The code reader is advertised with the following features:
* Read diagnostic trouble codes, both generic and manufacturer-specific, and display their meaning (over 3000 generic code definitions in the database).
* Clear trouble codes and turn off the MIL ("Check Engine" light).
* Display current sensor data, including:
* Engine RPM
* Calculated Load Value
* Coolant Temperature
* Fuel System Status
* Vehicle Speed
* Short Term Fuel Trim
* Long Term Fuel Trim
* Intake Manifold Pressure
* Timing Advance
* Intake Air Temperature
* Air Flow Rate
* Absolute Throttle Position
* Oxygen sensor voltages/associated short term fuel trims
* Fuel System status
* Fuel Pressure

So I guess it must be able to show the MAF sensor data. But seeing is believing... I'll post my experience with this reader in a separate thread.
 
The ODB reader you describe is very similar to my laptop scanner you can see screenshots of here - http://www.obddiagnostics.com/ScrnShot/Winscreen.html

The limitation is the in-ability of selecting sensors individually and displaying their inputs. Essentially you are seeing what the computer interpolates, not raw sensor data like voltage. The scanner will be fun and helpful at times, but not really a diagnostic tool besides pulling DTC's.

You can clean the t/b like Robotaz describes, but I've always removed it so I can hit it from every angle with cleaner. Also, I'm used to some t/b's that have vacuum ports and require some special attention to make sure all is well with them too. And as you suspect, removal eliminates the risk of washing the dirt further into the intake.
 
The ODB reader you describe is very similar to my laptop scanner you can see screenshots of here - http://www.obddiagnostics.com/ScrnShot/Winscreen.html

The limitation is the in-ability of selecting sensors individually and displaying their inputs. Essentially you are seeing what the computer interpolates, not raw sensor data like voltage. The scanner will be fun and helpful at times, but not really a diagnostic tool besides pulling DTC's.

You can clean the t/b like Robotaz describes, but I've always removed it so I can hit it from every angle with cleaner. Also, I'm used to some t/b's that have vacuum ports and require some special attention to make sure all is well with them too. And as you suspect, removal eliminates the risk of washing the dirt further into the intake.

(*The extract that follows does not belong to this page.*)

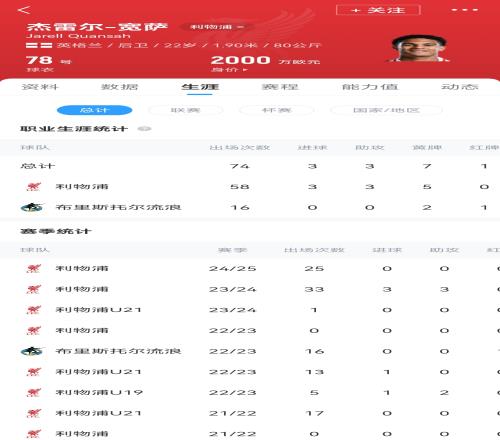 现年22岁的英格兰后卫宽萨是利物浦青训球员,本赛季代表利物浦在各项赛事中出场25次。他与俱乐部的合同2029年夏天到期,目前德转身价2000万欧元。

Not to be adversarial flcruising, but I wouldn't recommend that a person asking how to clean a TB actually take it off, personally. I also wouldn't recommend spraying cleaner in the ports. The cleaner will eat right through the plastic bellows if there's an IAC. I have some round files that are very small in diameter that I poke into the ports with a cotton cloth with just a little bit of the cleaner on it. If you start getting into taking the TB off and cleaning all of the ports out, you need to have a good idea that this is the problem. OP, I wouldn't do more than clean it on the car until you have exhausted some other options. Again, that's my suggestion and you are welcome to do whatever you wish. I just don't have time for extra work on cars and assume others do not as well.

And honestly, if your car needs the TB cleaned with 35,000 miles, you have way bigger problems to figure out. I suspect you will take the air tube off and see perfectly clean metal. If you open the butterfly valve and the body is spotless where the valve closes, move on to the other options.
 
I agree, though I've never had an issue with carb cleaner eating any plastic pieces...

Definitely start with the MAF sensor and report back. Keep fingers off all parts of it but the base (the outside part you see in the picture). I haven't looked at mine, but if it's a hot-wire type, don't blast it up close with cleaner either.